Turkey Enchiladas with Green Chili and Bacon

If you’re looking for something to do with your leftover Thanksgiving turkey (that’s not sandwiches), these enchiladas will hit the spot. Great thing about this is you can make ahead of time, and then just pop them in the oven when you get home from work – done in about 45 minutes.

In case you haven’t figured it out by now, green chili and bacon are one of those things that go together like peanut butter and jelly, or gravy and mashed potatoes – they’re just meant for each other (see “Hatch Chile Bacon Mac & Cheese”).

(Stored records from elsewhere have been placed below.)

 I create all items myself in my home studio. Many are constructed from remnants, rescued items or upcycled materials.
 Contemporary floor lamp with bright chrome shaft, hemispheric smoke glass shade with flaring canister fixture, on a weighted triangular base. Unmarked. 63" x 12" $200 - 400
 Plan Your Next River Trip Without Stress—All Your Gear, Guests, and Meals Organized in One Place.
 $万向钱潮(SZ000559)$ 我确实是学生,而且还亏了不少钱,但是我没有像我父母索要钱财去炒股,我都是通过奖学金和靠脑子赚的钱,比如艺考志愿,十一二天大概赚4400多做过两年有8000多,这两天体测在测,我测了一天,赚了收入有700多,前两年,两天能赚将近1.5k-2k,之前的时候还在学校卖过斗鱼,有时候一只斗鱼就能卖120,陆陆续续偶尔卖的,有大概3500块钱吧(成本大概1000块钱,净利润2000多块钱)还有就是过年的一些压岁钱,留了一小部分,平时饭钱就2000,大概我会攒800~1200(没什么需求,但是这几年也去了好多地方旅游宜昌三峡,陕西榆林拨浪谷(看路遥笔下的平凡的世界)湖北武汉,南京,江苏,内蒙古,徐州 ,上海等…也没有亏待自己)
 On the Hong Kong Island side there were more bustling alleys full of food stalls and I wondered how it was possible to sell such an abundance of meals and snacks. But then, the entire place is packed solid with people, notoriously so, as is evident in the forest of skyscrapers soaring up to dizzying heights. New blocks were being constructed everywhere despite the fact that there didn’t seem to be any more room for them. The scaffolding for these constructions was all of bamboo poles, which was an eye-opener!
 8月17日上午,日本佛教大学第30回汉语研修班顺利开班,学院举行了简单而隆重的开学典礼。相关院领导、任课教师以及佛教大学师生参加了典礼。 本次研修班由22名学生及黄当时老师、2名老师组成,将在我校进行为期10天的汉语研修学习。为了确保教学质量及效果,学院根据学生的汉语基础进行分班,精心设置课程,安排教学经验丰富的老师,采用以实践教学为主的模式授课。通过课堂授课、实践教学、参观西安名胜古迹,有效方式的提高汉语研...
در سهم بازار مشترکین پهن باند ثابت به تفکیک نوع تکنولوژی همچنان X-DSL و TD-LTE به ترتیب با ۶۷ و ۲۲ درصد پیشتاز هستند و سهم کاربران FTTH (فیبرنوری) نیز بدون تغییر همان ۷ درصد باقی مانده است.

Remember – Enchiladas are basically just wet burritos that are rolled up and baked, so you’ll need to make (1) the sauce and (2) the filling. Make the sauce first, so it can cool while you’re making the filling.

You Will Need

  1. A Decent Chef Knife
  2. 12 inch Cast Iron Skillet or Sauté Pan
  3. A Long Handled Wooden Spoon
  4. A 9 x 13 Baking Dish or Aluminum Pan

Ingredients:

For the Sauce:

  1. 3 cloves garlic, finely minced or grated on a microplane
  2. 4 Hatch Chili, roasted and diced (or 2, 4oz cans)
  3. 1 medium onion, diced
  4. ½ teaspoon oregano
  5. ½ teaspoon cumin
  6. 2 tablespoons fresh cilantro, minced
  7. Juice of 1 or 2 limes
  8. 1 cup salsa verde

    Store bought is fine – in fact, if you want to skip all this, store bought Enchilada Sauce is also fine.

For the Filling:

  1. Cooked Chicken or Turkey – about 2lbs or so, shredded or chopped into bite-size pieces
  2. ⅓ cup Sour Cream
  3. 12 oz Monterey Jack Cheese, shredded
  4. 4-6 oz “mexican blend” cheese, shredded
  5. 12 oz bacon, cooked crisply and crumbled – reserve 4oz for topping.
  6. ½ teaspoon oregano
  7. ½ teaspoon cumin
  8. Dash paprika
  9. 2 cloves garlic, grated on a microplane

For the Assembly & Toppings:

  1. 6 – 8 12″ flour or corn tortillas
  2. Additional Sour Cream
  3. Additional Cilantro
  4. Fresh sliced avocados
  5. More bacon crumbles

Instructions

For the Sauce

  1. Lace a 12 inch Cast Iron Skillet or Sauté Pan with olive oil and heat over medium-high heat.
  2. Add onion and green/Hatch chili to the pan and sauté until onions are translucent and chilis begin to char in spots
  3. Add garlic, oregano, cumin, and cilantro and continue to sauté until very fragrant, 1 or 2 minutes more
  4. Add lime juice and salsa; stir until well combined and slightly reduced, 5 minutes
  5. Remove from heat and allow to cool while you make the filling

For the Filling:

Combine all ingredients together and mix well.

Assembly

  1. Blend sauce in food processor or blender and return to skillet
  2. Spray 9×13 Baking Dish with cooking spray (I prefer avocado oil here), then coat with a thin layer of the sauce
  3. Warm tortillas in microwave (they’re less likely to break if they’re warmed up), then dip into the sauce in the skillet
  4. Place tortilla in baking dish, then top with filling (don’t overstuff)
  5. Roll filled tortillas up and be sure they’re laying in the baking dish seam side down
  6. Sprinkle 4oz or so Mexican Cheese (or taco blend) on top
  7. Bake in oven 45 minutes to an hour, until cheese is brown and edges are bubbly
  8. Remove from oven and let stand for 10 minutes; serve with desired toppings.